Given records section start

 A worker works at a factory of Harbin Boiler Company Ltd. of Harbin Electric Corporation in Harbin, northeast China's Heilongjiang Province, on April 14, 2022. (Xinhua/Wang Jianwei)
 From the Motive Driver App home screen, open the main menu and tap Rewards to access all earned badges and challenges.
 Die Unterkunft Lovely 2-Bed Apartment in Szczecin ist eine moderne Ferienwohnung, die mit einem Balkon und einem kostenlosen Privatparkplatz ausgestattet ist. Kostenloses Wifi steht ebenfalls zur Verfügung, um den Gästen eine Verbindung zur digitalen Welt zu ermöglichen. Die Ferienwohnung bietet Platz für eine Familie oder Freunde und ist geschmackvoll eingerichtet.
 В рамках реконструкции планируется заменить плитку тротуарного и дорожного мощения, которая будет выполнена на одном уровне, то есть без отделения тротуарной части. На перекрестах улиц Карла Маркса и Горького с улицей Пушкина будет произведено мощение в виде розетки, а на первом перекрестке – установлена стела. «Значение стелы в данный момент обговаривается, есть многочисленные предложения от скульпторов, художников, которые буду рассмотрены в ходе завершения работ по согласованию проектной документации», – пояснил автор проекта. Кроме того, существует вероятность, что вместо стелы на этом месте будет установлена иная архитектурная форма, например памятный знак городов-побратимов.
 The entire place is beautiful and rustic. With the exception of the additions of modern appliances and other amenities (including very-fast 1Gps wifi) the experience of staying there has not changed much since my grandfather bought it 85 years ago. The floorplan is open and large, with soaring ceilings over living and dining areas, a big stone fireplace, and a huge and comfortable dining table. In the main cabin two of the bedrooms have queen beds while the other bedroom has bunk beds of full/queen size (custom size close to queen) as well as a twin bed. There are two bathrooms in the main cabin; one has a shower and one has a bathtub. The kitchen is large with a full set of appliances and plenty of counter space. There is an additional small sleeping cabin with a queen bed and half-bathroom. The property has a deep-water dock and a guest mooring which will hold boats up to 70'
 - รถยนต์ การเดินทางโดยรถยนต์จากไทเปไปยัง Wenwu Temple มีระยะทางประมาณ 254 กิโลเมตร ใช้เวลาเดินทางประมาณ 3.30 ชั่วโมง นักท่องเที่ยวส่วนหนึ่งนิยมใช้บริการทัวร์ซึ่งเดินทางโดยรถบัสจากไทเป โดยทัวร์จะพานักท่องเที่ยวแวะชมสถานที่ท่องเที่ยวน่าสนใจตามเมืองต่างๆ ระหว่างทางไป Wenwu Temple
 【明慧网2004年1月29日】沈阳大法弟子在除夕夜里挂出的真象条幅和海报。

Given records section end
Given records section start

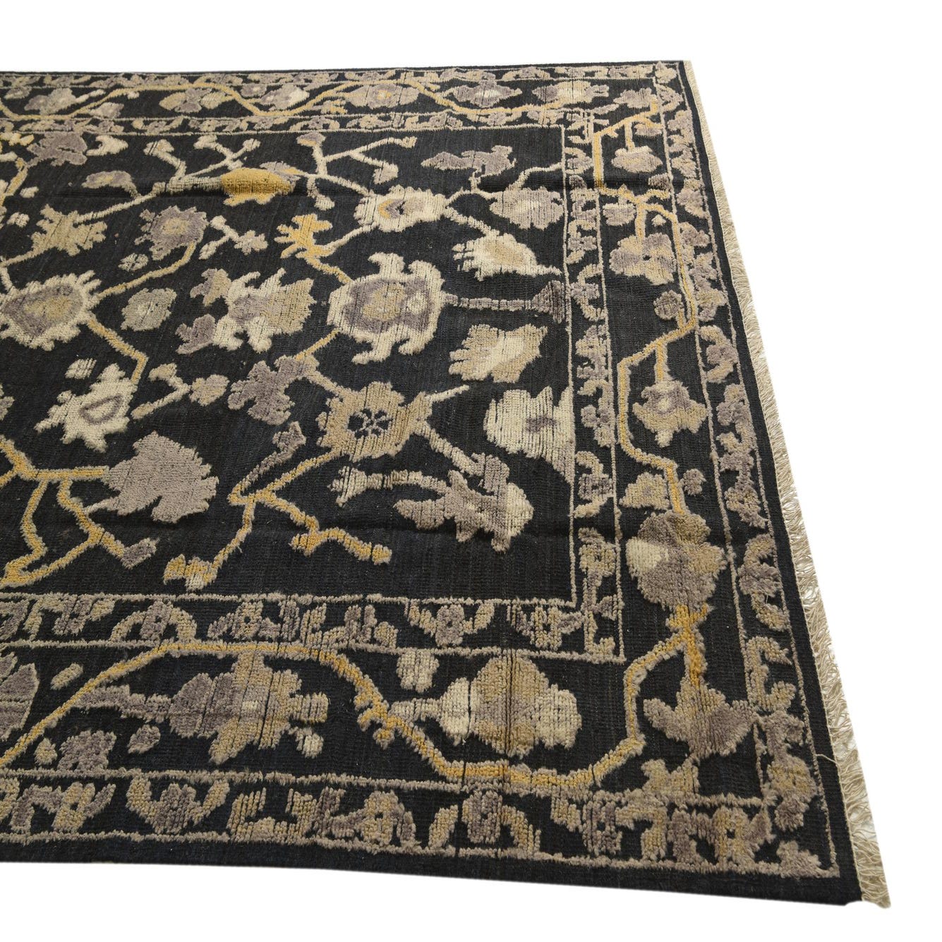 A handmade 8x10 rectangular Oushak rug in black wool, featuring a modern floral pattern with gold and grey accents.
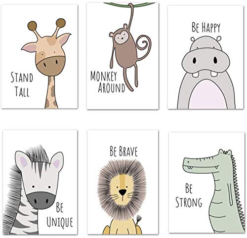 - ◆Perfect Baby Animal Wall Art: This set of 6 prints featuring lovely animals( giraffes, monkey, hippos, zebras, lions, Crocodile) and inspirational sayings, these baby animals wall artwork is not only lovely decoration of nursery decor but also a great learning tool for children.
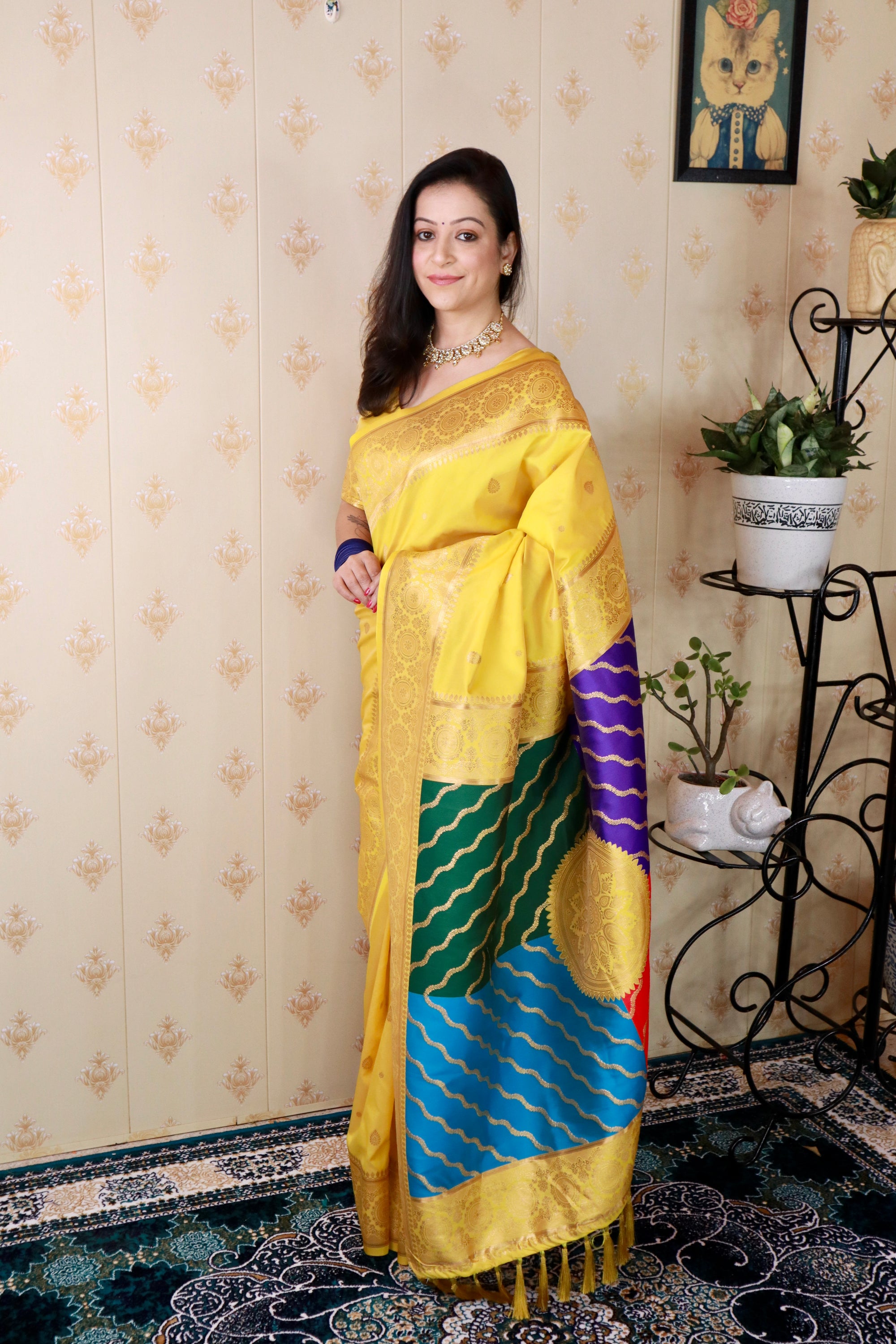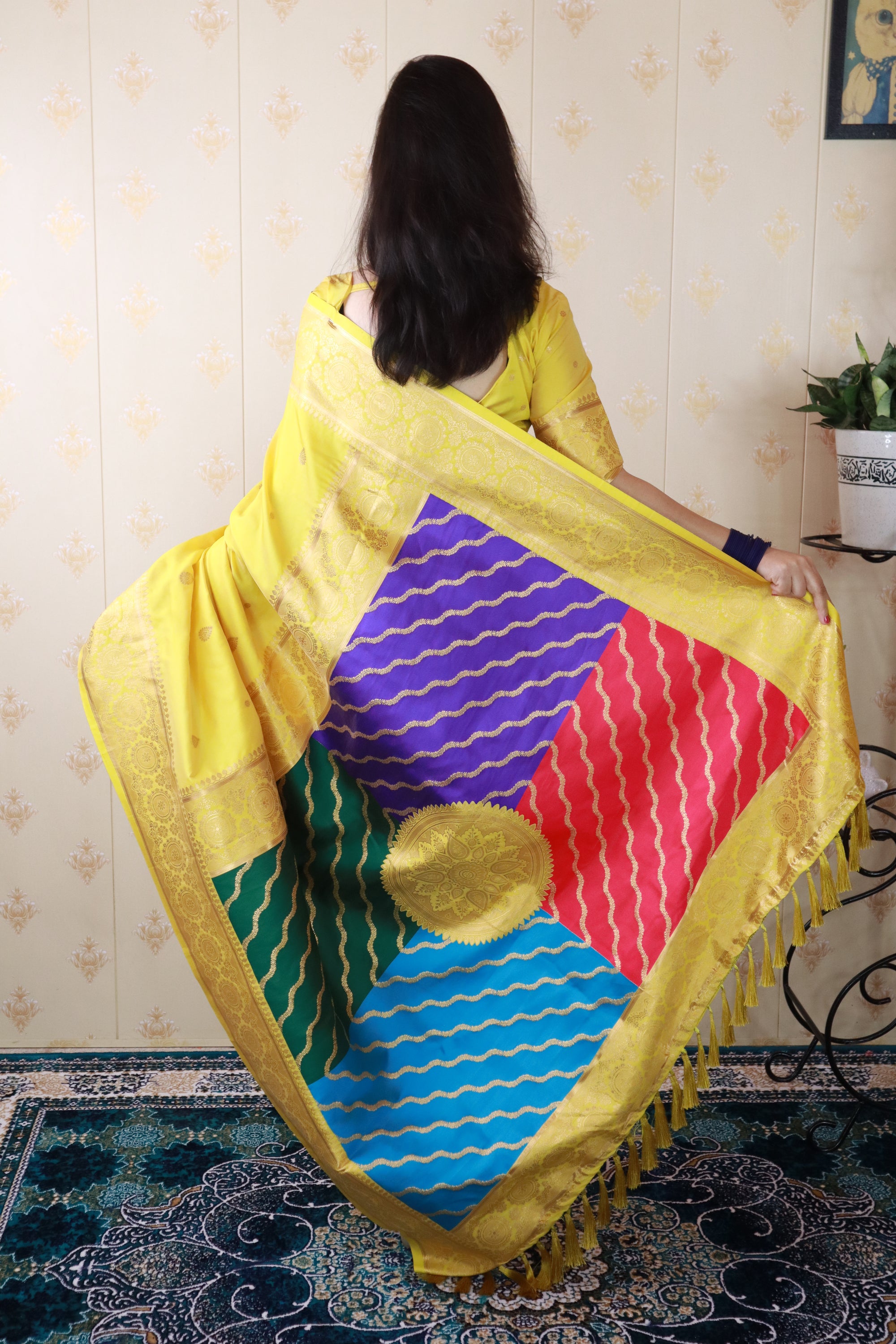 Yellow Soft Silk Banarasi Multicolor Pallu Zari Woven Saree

Given records section end
Given records section start

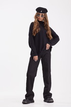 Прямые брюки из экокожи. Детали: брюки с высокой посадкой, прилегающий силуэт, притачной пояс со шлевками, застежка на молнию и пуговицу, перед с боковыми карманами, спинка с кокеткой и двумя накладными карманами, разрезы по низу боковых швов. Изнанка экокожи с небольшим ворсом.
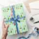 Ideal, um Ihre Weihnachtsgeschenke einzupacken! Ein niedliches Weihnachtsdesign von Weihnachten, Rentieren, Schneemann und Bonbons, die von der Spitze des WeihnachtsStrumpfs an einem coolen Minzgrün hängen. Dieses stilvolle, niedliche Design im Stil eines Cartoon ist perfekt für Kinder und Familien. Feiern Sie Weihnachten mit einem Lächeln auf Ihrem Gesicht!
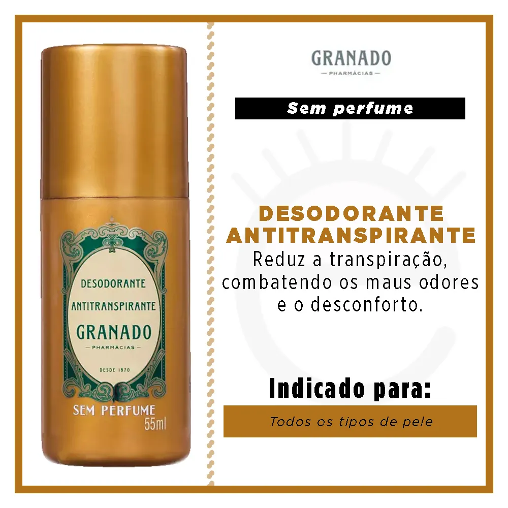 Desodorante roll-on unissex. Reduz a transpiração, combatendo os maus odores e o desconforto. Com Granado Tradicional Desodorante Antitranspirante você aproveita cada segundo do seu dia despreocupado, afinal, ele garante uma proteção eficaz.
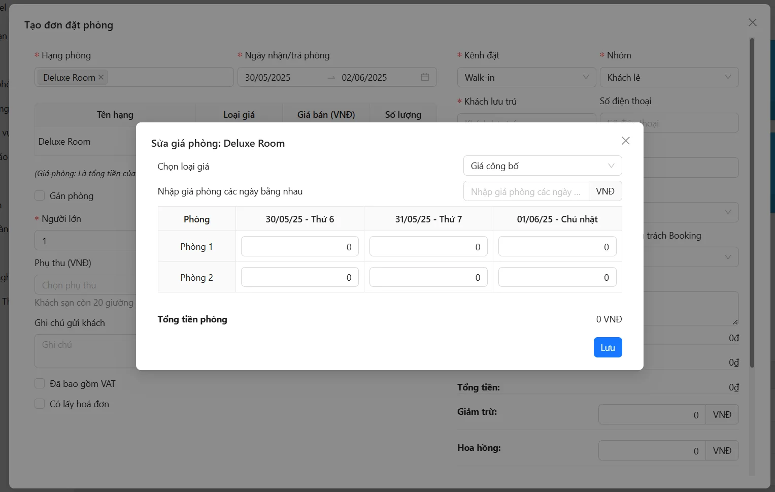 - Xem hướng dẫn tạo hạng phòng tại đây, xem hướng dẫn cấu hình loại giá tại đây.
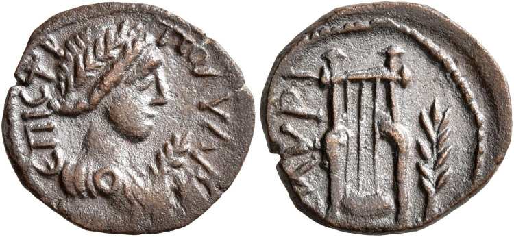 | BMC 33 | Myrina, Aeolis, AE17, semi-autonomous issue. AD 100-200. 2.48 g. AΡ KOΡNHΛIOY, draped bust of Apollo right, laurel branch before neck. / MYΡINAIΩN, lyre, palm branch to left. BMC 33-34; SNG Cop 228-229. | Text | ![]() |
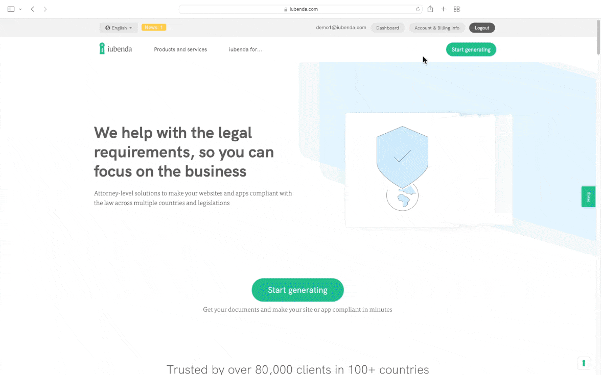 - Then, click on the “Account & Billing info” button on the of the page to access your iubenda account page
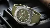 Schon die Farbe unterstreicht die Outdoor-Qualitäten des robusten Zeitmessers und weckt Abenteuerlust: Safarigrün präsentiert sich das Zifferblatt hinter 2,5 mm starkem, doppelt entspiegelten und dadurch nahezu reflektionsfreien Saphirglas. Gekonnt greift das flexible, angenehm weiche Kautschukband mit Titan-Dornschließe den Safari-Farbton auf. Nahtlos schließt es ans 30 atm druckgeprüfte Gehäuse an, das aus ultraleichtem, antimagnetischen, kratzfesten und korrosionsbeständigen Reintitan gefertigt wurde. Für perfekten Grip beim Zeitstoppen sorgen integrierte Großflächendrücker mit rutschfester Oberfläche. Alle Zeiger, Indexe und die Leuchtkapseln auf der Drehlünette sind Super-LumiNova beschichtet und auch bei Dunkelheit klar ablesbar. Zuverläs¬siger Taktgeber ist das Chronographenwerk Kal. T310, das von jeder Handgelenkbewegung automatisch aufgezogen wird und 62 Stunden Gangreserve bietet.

Given records section end

## Brief
A copy of each line in the data above that holds the string "open" is needed.

## Answer section
 From the Motive Driver App home screen, open the main menu and tap Rewards to access all earned badges and challenges.
 The entire place is beautiful and rustic. With the exception of the additions of modern appliances and other amenities (including very-fast 1Gps wifi) the experience of staying there has not changed much since my grandfather bought it 85 years ago. The floorplan is open and large, with soaring ceilings over living and dining areas, a big stone fireplace, and a huge and comfortable dining table. In the main cabin two of the bedrooms have queen beds while the other bedroom has bunk beds of full/queen size (custom size close to queen) as well as a twin bed. There are two bathrooms in the main cabin; one has a shower and one has a bathtub. The kitchen is large with a full set of appliances and plenty of counter space. There is an additional small sleeping cabin with a queen bed and half-bathroom. The property has a deep-water dock and a guest mooring which will hold boats up to 70'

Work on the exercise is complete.